An exact copy of every entry is needed here; the images stay out.

◆ Supplied information:
======

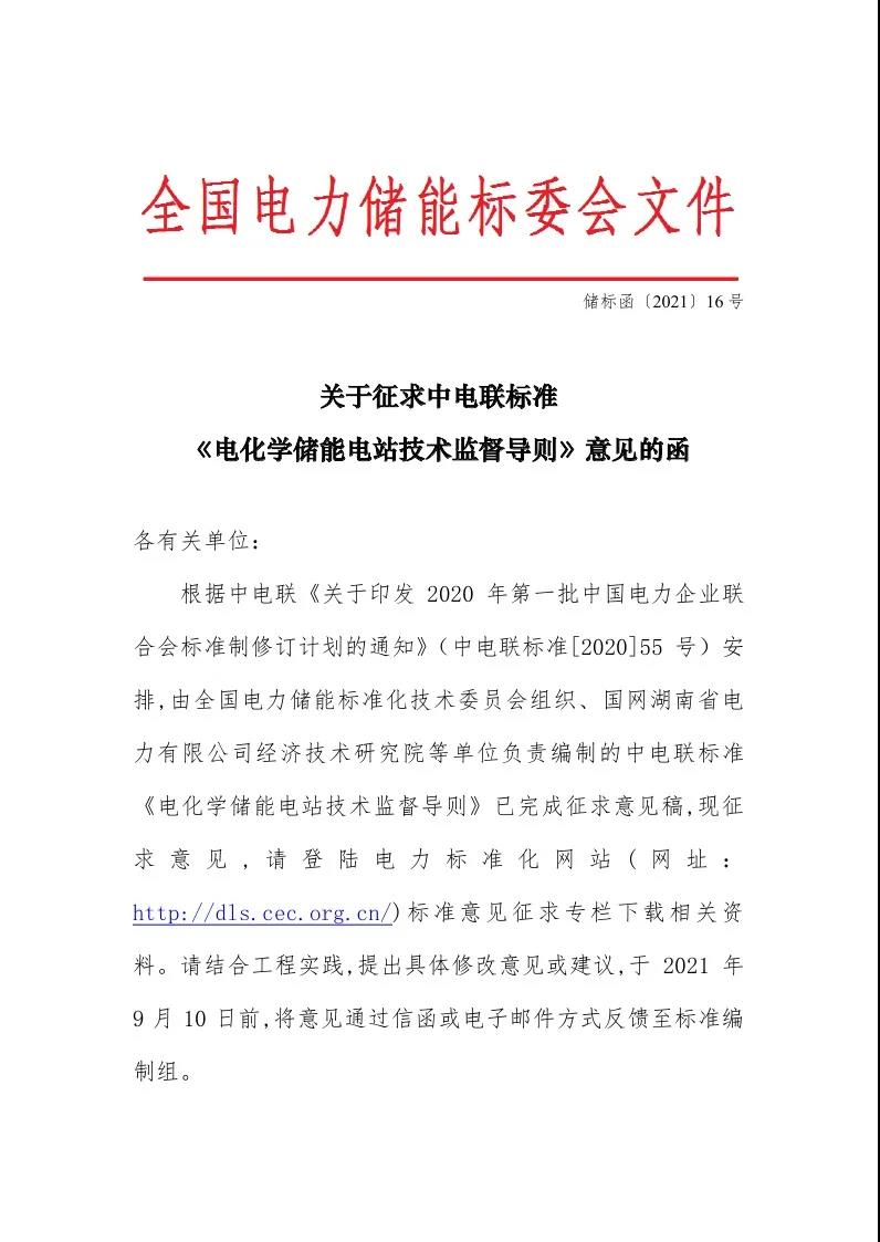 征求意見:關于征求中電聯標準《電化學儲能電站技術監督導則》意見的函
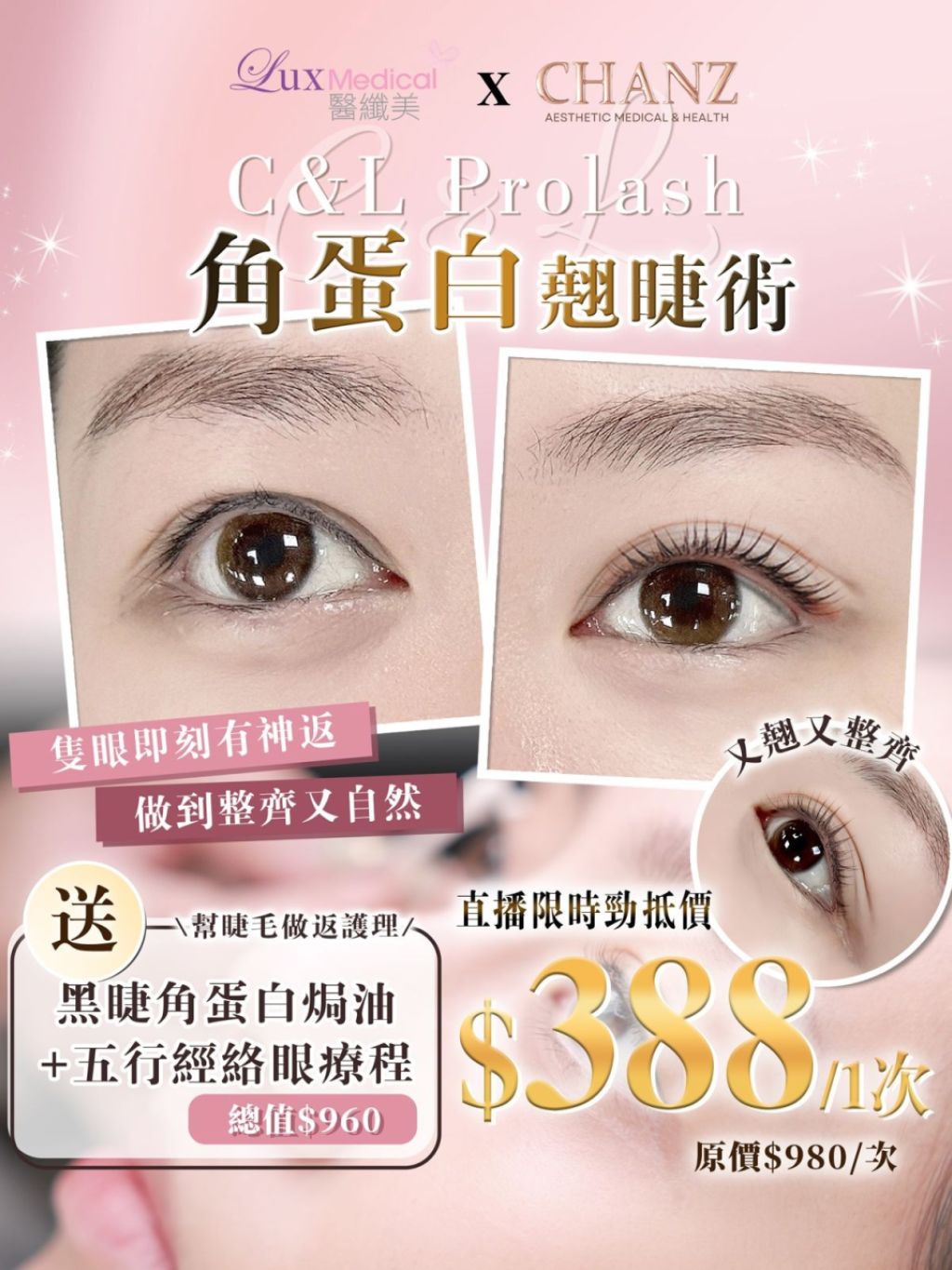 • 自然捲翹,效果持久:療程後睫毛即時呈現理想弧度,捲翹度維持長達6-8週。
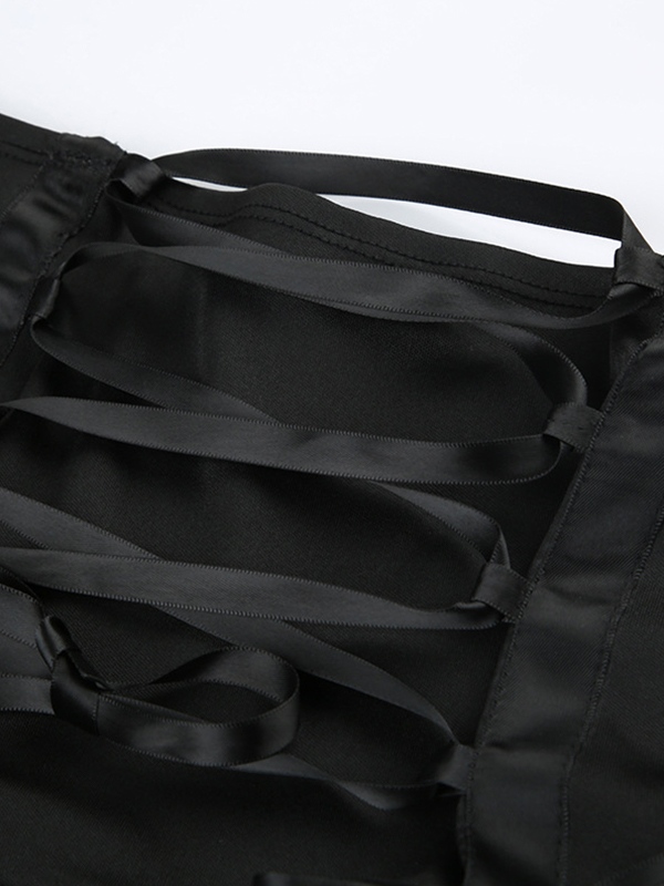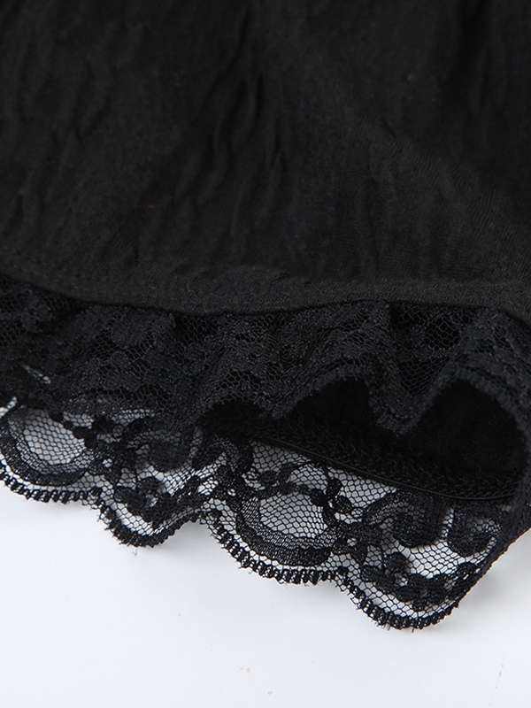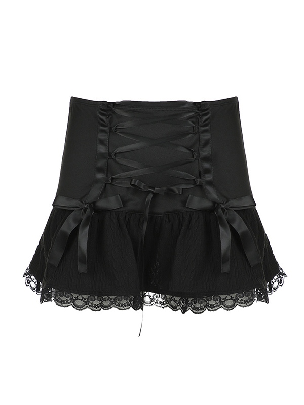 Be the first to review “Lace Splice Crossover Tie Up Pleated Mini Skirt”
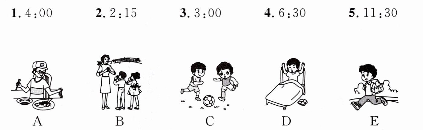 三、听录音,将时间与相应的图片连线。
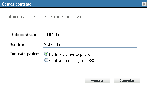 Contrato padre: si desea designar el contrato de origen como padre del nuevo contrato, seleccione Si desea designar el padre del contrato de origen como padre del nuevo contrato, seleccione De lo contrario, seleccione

======

◆ Result below:
 征求意見:關于征求中電聯標準《電化學儲能電站技術監督導則》意見的函
 • 自然捲翹,效果持久:療程後睫毛即時呈現理想弧度,捲翹度維持長達6-8週。
 Be the first to review “Lace Splice Crossover Tie Up Pleated Mini Skirt”
 三、听录音,将时间与相应的图片连线。
 Contrato padre: si desea designar el contrato de origen como padre del nuevo contrato, seleccione Si desea designar el padre del contrato de origen como padre del nuevo contrato, seleccione De lo contrario, seleccione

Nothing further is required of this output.